CMS also clarified that EMTALA does not apply to outpatients who come to the hospital for previously scheduled appointments and develop potential emergency medical conditions after beginning encounters with their practitioners. Such patients have previously established relationships with the hospital, and thus have not come to the hospital specifically for evaluation and treatment of the emergency condition. Other Medicare Conditions of Participation, not EMTALA, will obligate the hospital to provide appropriate care under those circumstances.

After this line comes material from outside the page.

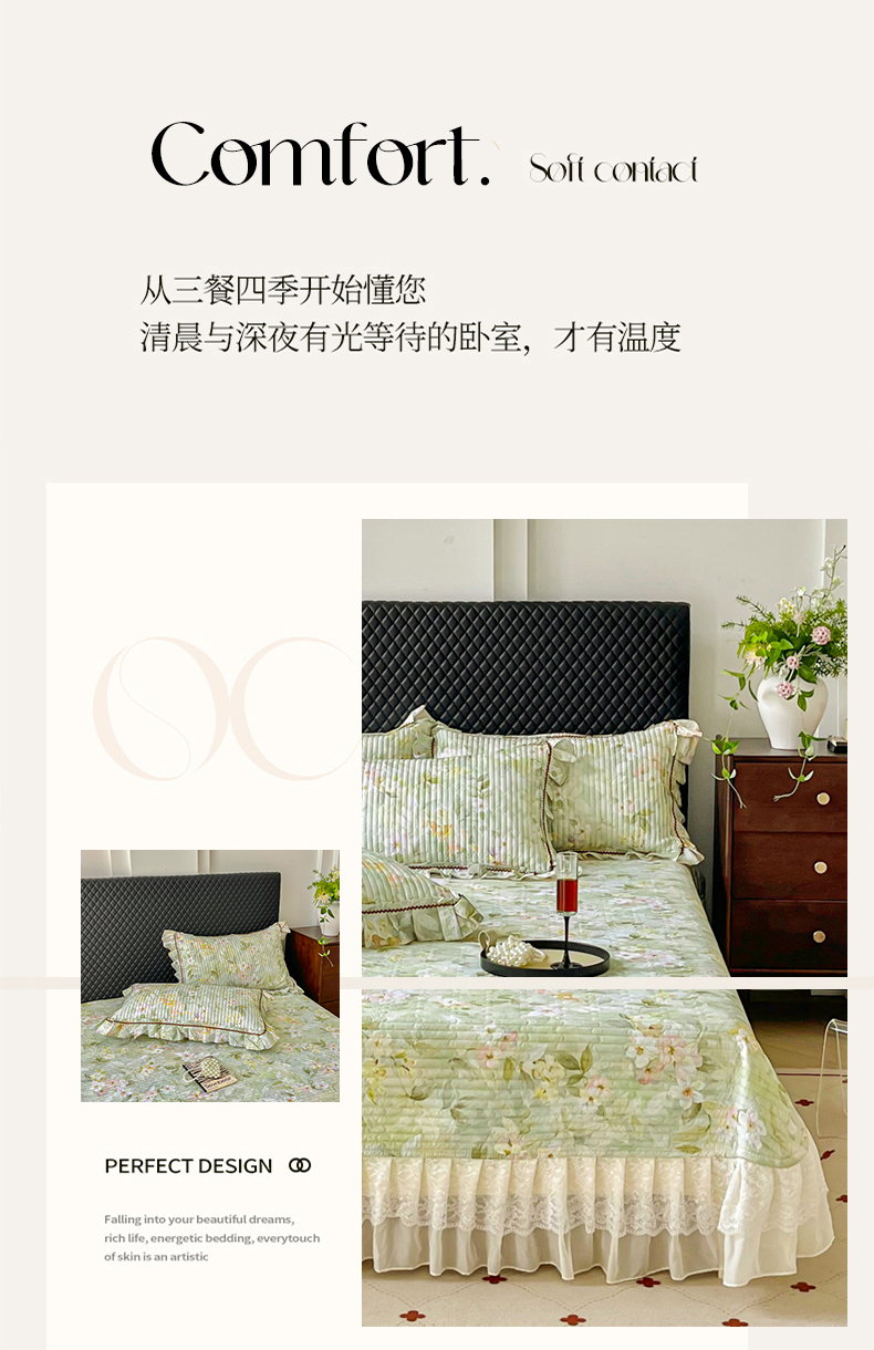 (总)胜权家纺 2025秋冬新款全棉法式13372数码印花夹棉床盖四件套系列,花非花粉,花非花绿,花海绿,锦绣繁华粉,锦绣繁华绿,妙颜粉
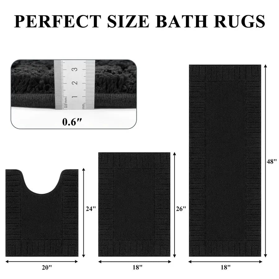 Bathroom Rugs Sets 3 Piece Bathroom Shower Rugs with UShaped Contour Toilet Mat Absorbent Microfiber Plush Bath Mats Non Slip Ba

  • On-Call:  CMS, both in the revised regulations and in June 2002 Program Memoranda, clarified that hospitals are not required to have on-call specialist coverage for the emergency department 24 hours a day, 7 days a week, but rather should maintain on-call lists in a manner that best meets the needs of individuals who receive EMTALA services within the hospital's available resources, including the availability of on-call physicians. CMS revised its prior policy, in order to maximize patient access to care, to allow specialists to be on-call for multiple hospital emergency departments simultaneously in the same geographic area, provided all hospitals involved are aware of the simultaneous on-call schedule, as each hospital independently has an EMTALA obligation. The revised regulations also allow physicians to schedule elective surgery and other procedures while on-call for an emergency department; however, those on-call physicians must arrange for back-up coverage should their simultaneous activity preclude them from responding to an emergency department call.

Hospitals can elect to prohibit such simultaneous call coverage or concurrent scheduling as a matter of staff policy. Hospitals also must have written policies and procedures for providing emergency services, when a particular specialty is not available because of gaps in coverage, simultaneous commitments of the on-call physician, or circumstances beyond the on-call physician's control.

It is important to keep in mind that, in evaluating EMTALA compliance, CMS does not use a predetermined ratio of specialists to decide whether a hospital's on-call coverage is adequate, but considers all relevant factors, including the number of physicians on staff, other demands on those physicians, the frequency with which the hospital's patients require specialist services, and provisions the hospital has made for when no on-call specialist is available.